### Exercise brief
Only the text should come through, so restate the listing exactly and drop its images.

### Stored data

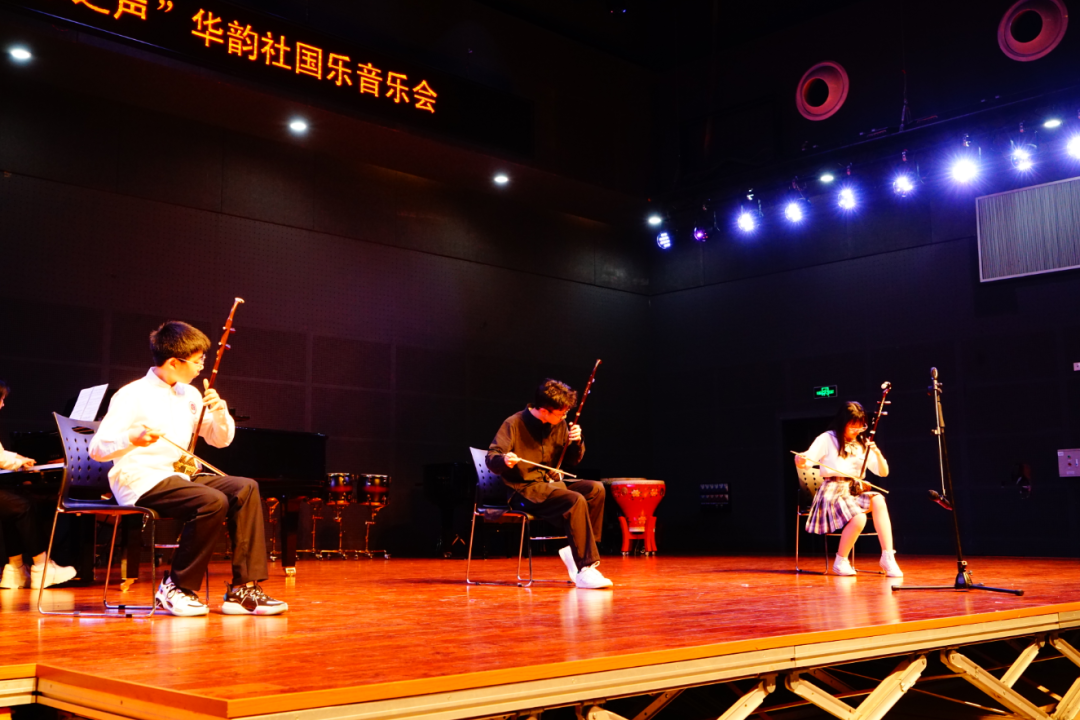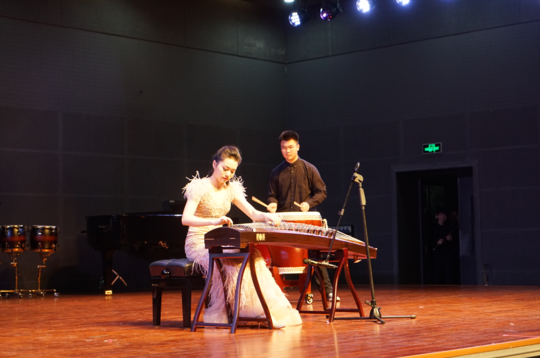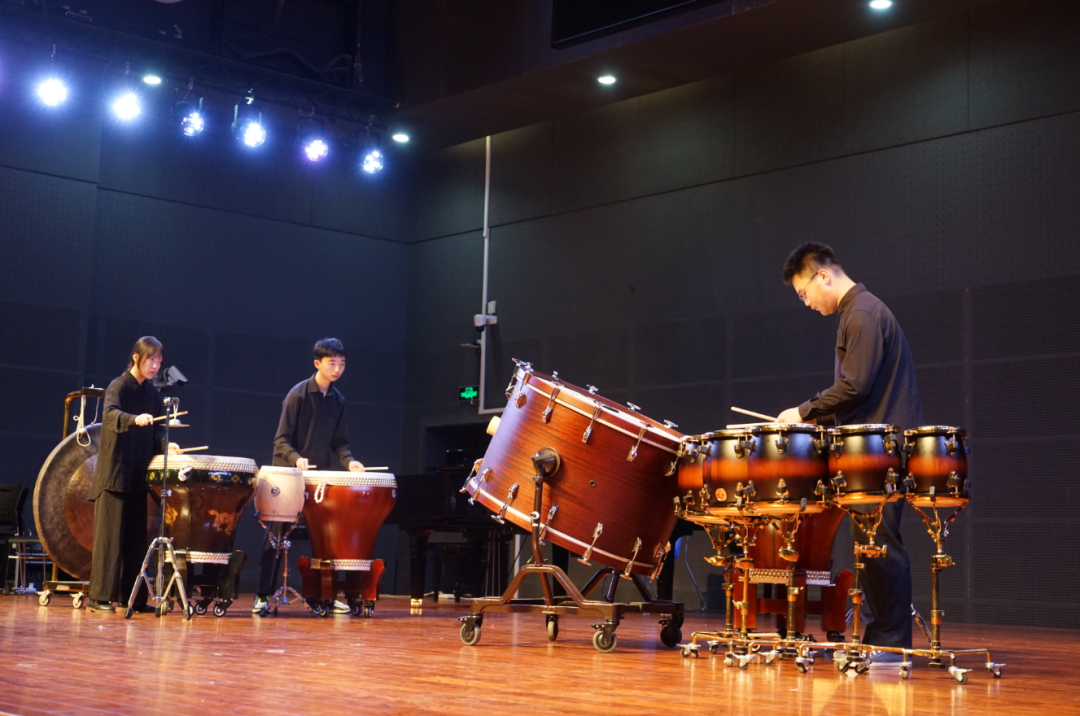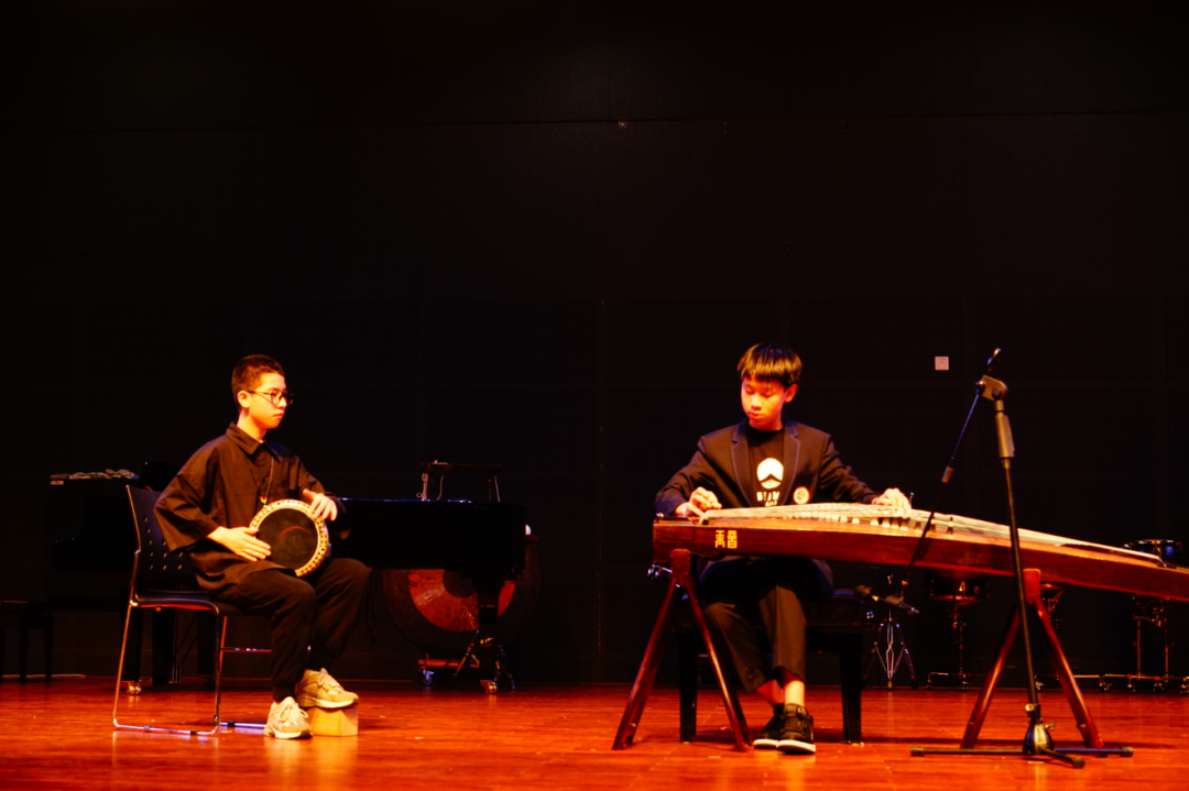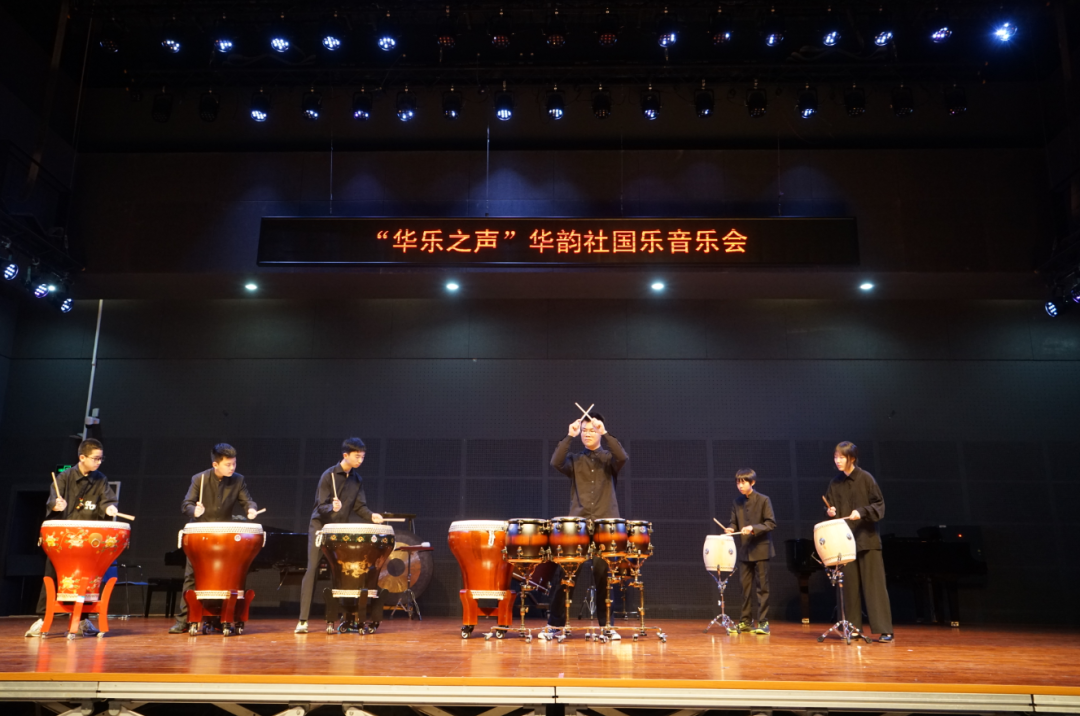接下来,由陈果老师担任钢琴艺术指导,闵睿同学演奏的古筝独奏《秦土情》;王子睿和陈梓毓同学带来的具备新疆维吾尔族舞蹈特色的古筝作品《伊犁河畔》;王屹杨、金晗意、顾泽南三位同学的二胡齐奏《蒙风》;潘静瑜同学带来的古筝演奏《苍歌引》等曲目一一上演,并最终在徐子杰、綗焱飞、陈恩晞三位同学的排鼓作品《云之南》的高昂乐声中,把音乐会推向了高潮。
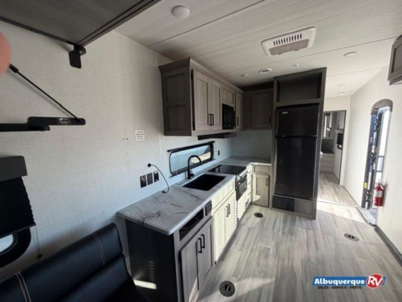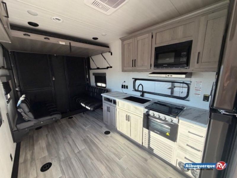 Load up your favorite off-road riding toys and head to your favorite trails, dunes, or competition rally with family and friends. This unit sleeps six with the RV queen bed in front and the dual roll over sofas and bonus bunk in back. The 13' garage with 5K inter-lock system tie downs will get all of your cargo safely to your destination. Once in camp, the rear ramp door will help you easily unload and then set up the sofas with table in between. A full kitchen allows you to refuel your bodies easily by providing a three burner range and 17" black oven, a 10.7 cu. ft. 12V refrigerator for your perishables, and a residential microwave oven to heat up leftovers. The full bath will allow everyone to easily clean up after a full day of fun, and you will enjoy the private front bedroom with an RV queen bed and a full closet for all of your things. On the outside, an 18' power awning provides added living space, or you might like to add the optional patio package for a raised extension of your unit giving you an outdoor space to enjoy.
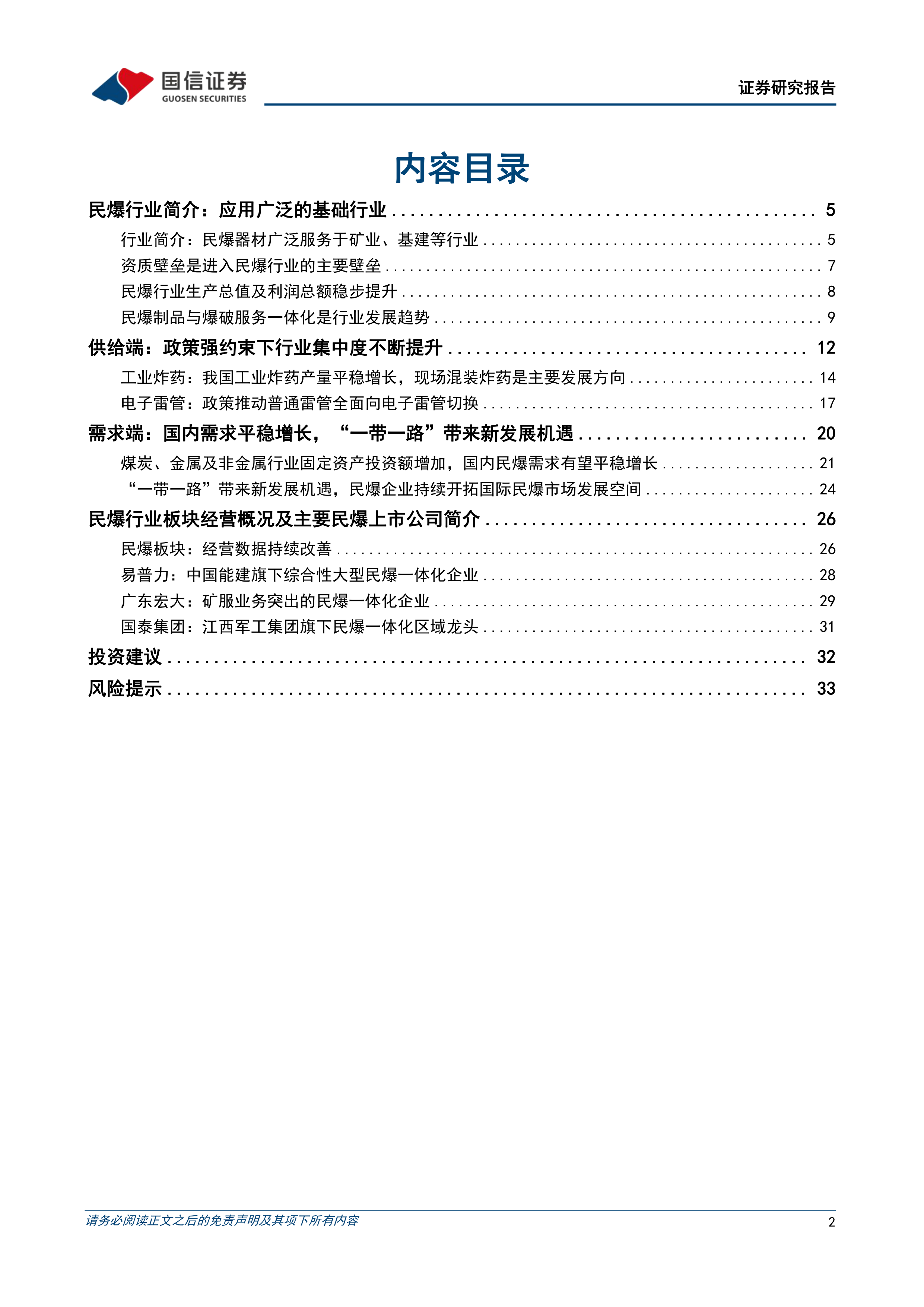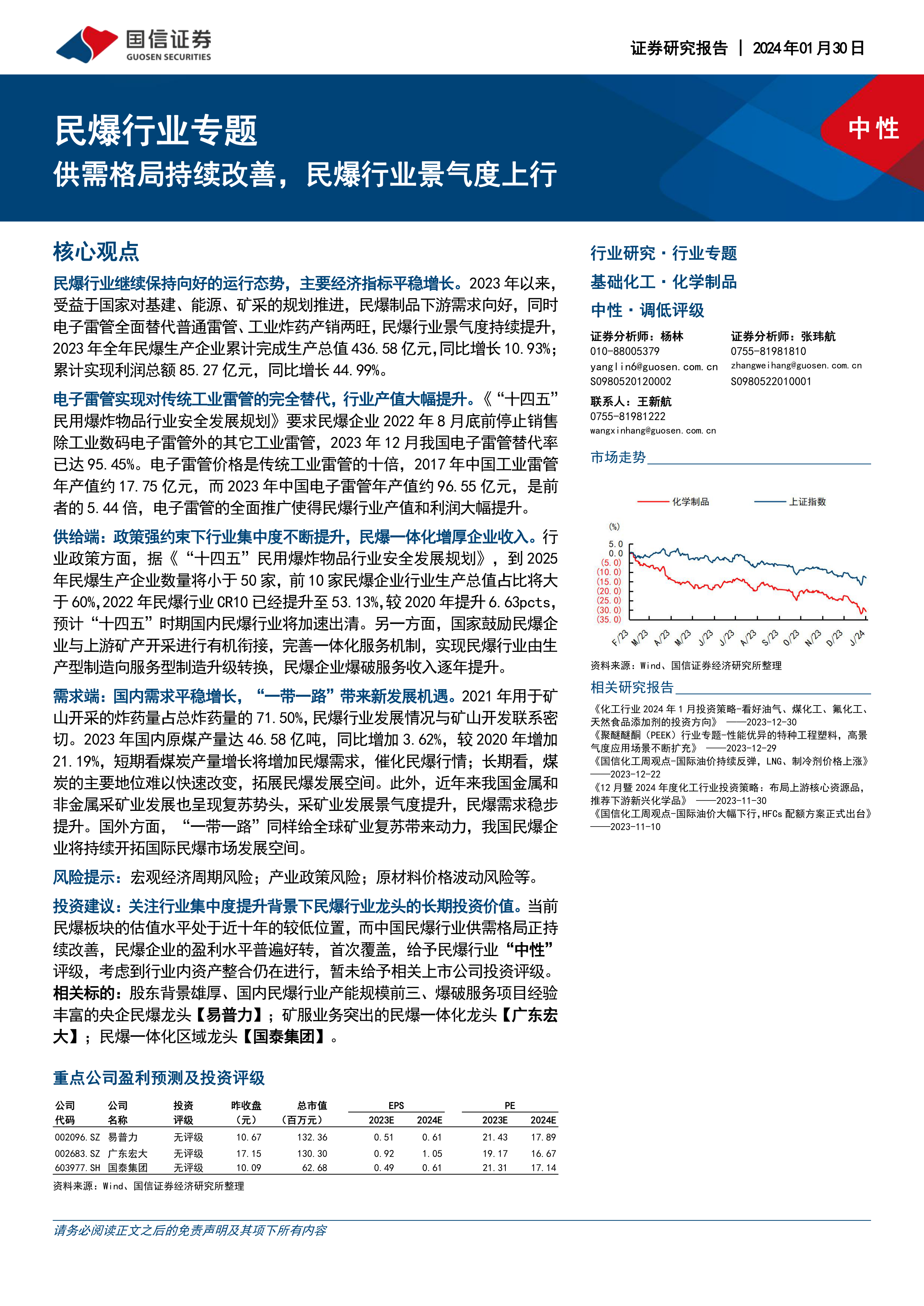 风险提示:宏观经济周期风险;产业政策风险;原材料价格波动风险等。投资建议:关注行业集中度提升背景下民爆行业龙头的长期投资价值。当前民爆板块的估值水平处于近十年的较低位置,而中国民爆行业供需格局正持续改善,民爆企业的盈利水平普遍好转,首次覆盖,给予民爆行业“中性”评级,考虑到行业内资产整合仍在进行,暂未给予相关上市公司投资评级。

### Task answer
接下来,由陈果老师担任钢琴艺术指导,闵睿同学演奏的古筝独奏《秦土情》;王子睿和陈梓毓同学带来的具备新疆维吾尔族舞蹈特色的古筝作品《伊犁河畔》;王屹杨、金晗意、顾泽南三位同学的二胡齐奏《蒙风》;潘静瑜同学带来的古筝演奏《苍歌引》等曲目一一上演,并最终在徐子杰、綗焱飞、陈恩晞三位同学的排鼓作品《云之南》的高昂乐声中,把音乐会推向了高潮。
 Load up your favorite off-road riding toys and head to your favorite trails, dunes, or competition rally with family and friends. This unit sleeps six with the RV queen bed in front and the dual roll over sofas and bonus bunk in back. The 13' garage with 5K inter-lock system tie downs will get all of your cargo safely to your destination. Once in camp, the rear ramp door will help you easily unload and then set up the sofas with table in between. A full kitchen allows you to refuel your bodies easily by providing a three burner range and 17" black oven, a 10.7 cu. ft. 12V refrigerator for your perishables, and a residential microwave oven to heat up leftovers. The full bath will allow everyone to easily clean up after a full day of fun, and you will enjoy the private front bedroom with an RV queen bed and a full closet for all of your things. On the outside, an 18' power awning provides added living space, or you might like to add the optional patio package for a raised extension of your unit giving you an outdoor space to enjoy.
 风险提示:宏观经济周期风险;产业政策风险;原材料价格波动风险等。投资建议:关注行业集中度提升背景下民爆行业龙头的长期投资价值。当前民爆板块的估值水平处于近十年的较低位置,而中国民爆行业供需格局正持续改善,民爆企业的盈利水平普遍好转,首次覆盖,给予民爆行业“中性”评级,考虑到行业内资产整合仍在进行,暂未给予相关上市公司投资评级。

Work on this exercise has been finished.